::: The data

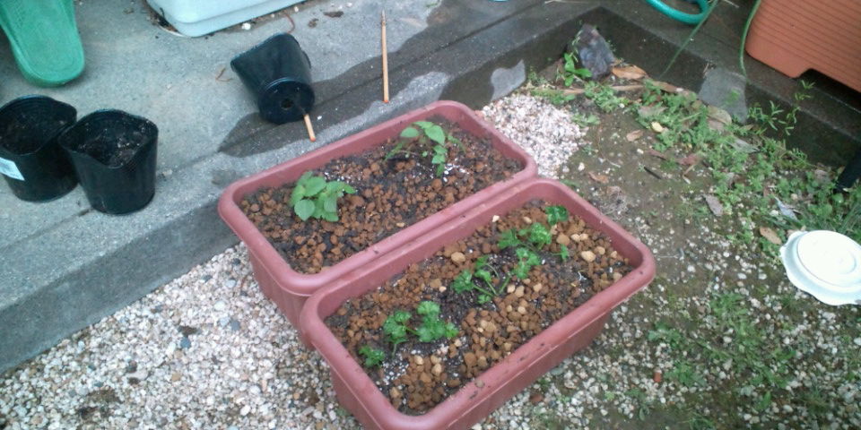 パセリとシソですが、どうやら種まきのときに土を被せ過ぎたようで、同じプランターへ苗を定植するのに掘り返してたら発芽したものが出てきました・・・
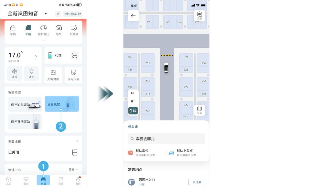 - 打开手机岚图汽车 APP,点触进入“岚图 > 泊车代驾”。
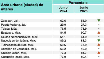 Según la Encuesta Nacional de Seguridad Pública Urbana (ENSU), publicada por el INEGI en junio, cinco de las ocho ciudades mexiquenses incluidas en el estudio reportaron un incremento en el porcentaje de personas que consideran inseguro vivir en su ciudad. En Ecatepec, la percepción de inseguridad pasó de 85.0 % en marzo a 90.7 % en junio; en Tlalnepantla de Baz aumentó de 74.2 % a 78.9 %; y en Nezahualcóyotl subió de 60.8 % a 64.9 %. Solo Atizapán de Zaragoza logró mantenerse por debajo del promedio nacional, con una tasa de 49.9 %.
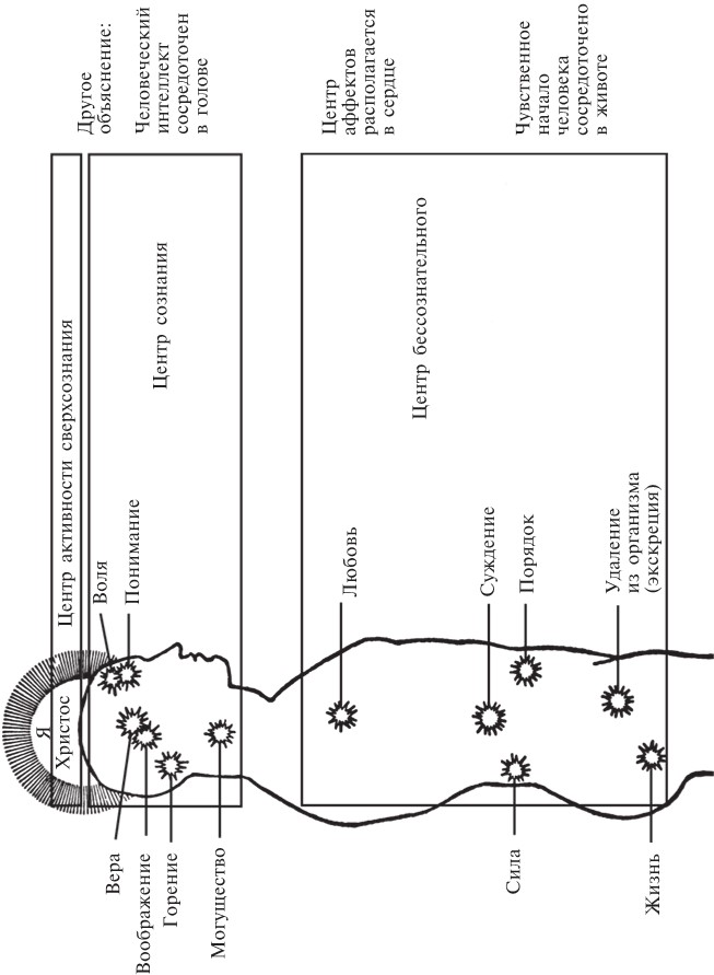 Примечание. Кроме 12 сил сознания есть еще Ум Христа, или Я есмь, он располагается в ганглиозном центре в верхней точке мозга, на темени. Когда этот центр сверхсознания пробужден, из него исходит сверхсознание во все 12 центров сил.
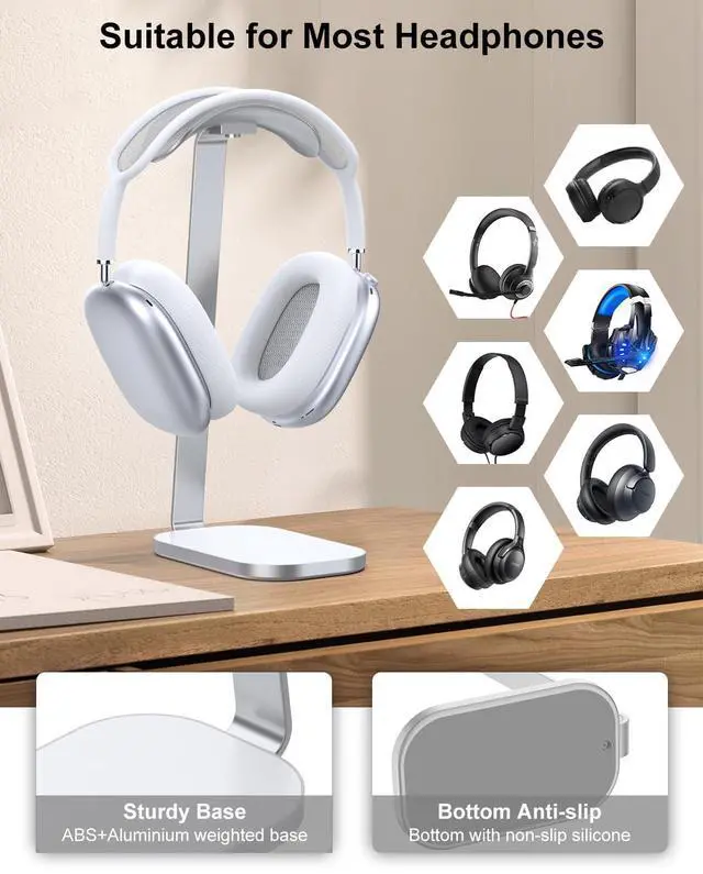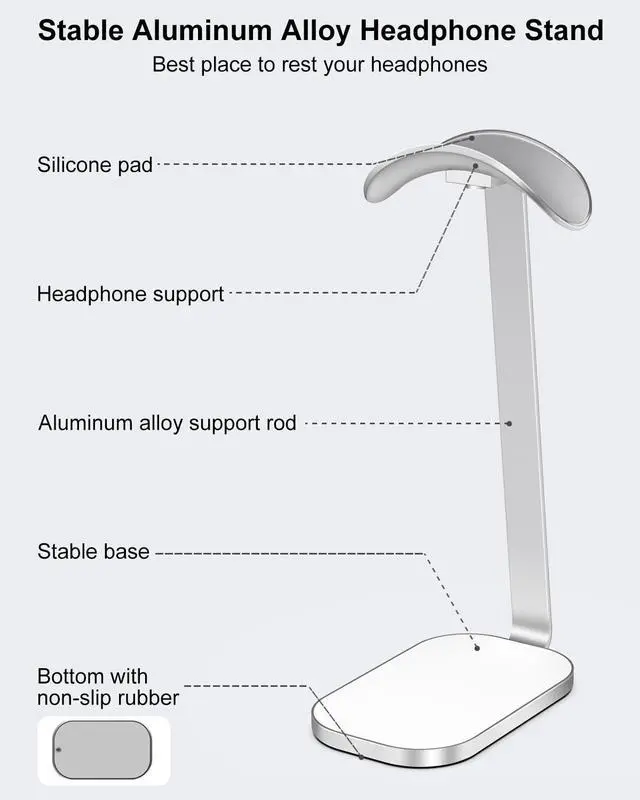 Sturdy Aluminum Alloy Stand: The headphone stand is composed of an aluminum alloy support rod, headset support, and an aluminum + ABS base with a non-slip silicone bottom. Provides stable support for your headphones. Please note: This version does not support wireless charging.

::::::
::: The data

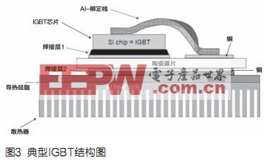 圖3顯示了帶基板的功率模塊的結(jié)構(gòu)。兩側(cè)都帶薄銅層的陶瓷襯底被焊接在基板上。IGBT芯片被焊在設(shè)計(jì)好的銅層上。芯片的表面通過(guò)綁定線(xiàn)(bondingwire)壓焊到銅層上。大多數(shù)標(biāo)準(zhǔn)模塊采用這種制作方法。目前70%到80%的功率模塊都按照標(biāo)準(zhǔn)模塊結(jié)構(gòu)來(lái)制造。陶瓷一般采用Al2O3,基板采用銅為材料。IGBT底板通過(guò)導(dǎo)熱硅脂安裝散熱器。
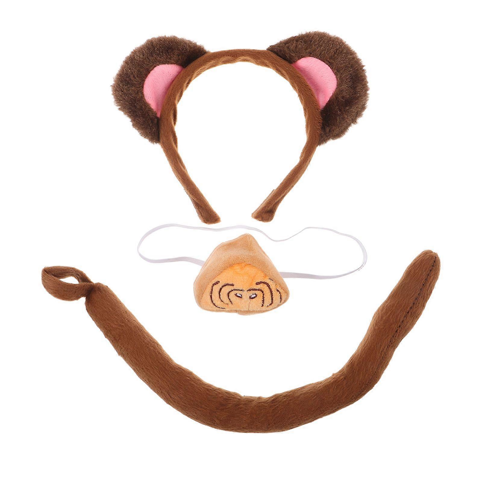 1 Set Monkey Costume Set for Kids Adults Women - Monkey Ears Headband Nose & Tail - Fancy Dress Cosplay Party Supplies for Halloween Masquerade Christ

::::::

Of the records above, print only the lines from the one containing "Примечание. Кроме 12" through the one containing "Sturdy Aluminum Alloy", inclusive and unaltered, leaving out pictures.

 Примечание. Кроме 12 сил сознания есть еще Ум Христа, или Я есмь, он располагается в ганглиозном центре в верхней точке мозга, на темени. Когда этот центр сверхсознания пробужден, из него исходит сверхсознание во все 12 центров сил.
 Sturdy Aluminum Alloy Stand: The headphone stand is composed of an aluminum alloy support rod, headset support, and an aluminum + ABS base with a non-slip silicone bottom. Provides stable support for your headphones. Please note: This version does not support wireless charging.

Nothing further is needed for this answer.